[Opening Input section]

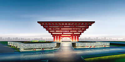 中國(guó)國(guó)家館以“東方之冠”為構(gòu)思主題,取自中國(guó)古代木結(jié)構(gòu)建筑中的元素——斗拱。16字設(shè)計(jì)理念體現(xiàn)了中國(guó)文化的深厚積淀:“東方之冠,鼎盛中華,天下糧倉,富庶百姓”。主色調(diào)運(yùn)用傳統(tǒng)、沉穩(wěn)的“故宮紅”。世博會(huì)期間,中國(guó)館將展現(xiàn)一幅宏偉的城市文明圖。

[Closing Input section]
[Opening Input section]

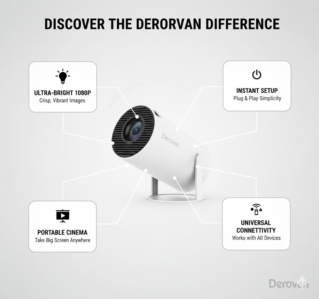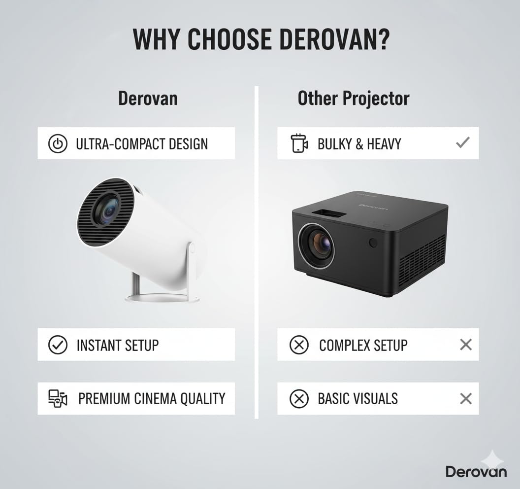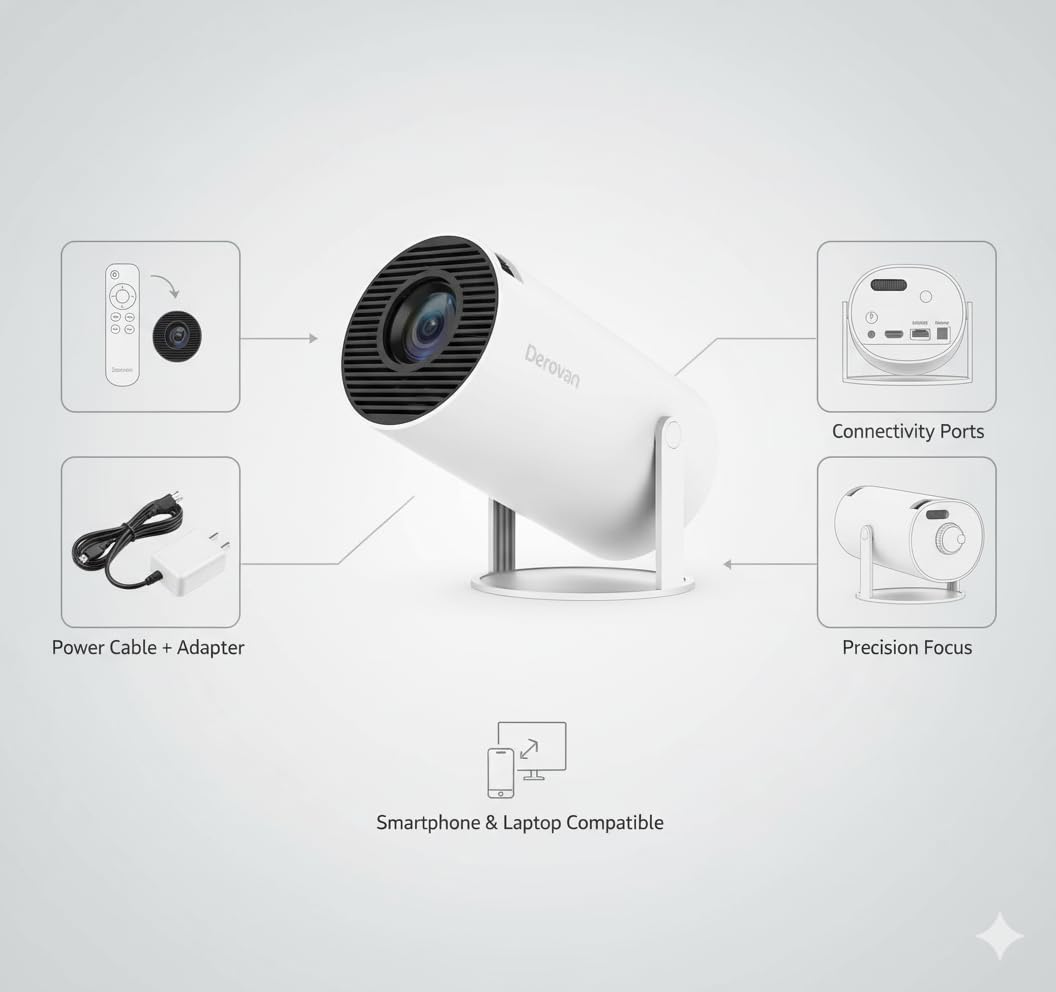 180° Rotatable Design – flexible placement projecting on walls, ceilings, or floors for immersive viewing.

[Closing Input section]
[Opening Input section]

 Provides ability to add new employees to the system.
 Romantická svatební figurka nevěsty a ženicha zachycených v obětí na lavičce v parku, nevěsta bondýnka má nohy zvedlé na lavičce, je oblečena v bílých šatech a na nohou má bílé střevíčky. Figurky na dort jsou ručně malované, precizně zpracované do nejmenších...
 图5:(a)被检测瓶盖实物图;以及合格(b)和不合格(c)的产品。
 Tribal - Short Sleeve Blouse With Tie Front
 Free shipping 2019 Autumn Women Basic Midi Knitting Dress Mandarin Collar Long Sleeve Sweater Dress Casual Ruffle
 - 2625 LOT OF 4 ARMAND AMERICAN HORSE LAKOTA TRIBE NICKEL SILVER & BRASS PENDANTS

[Closing Input section]

About this task: Return each line of the material in which the string "Sleeve" can be found.

Solution below:
 Tribal - Short Sleeve Blouse With Tie Front
 Free shipping 2019 Autumn Women Basic Midi Knitting Dress Mandarin Collar Long Sleeve Sweater Dress Casual Ruffle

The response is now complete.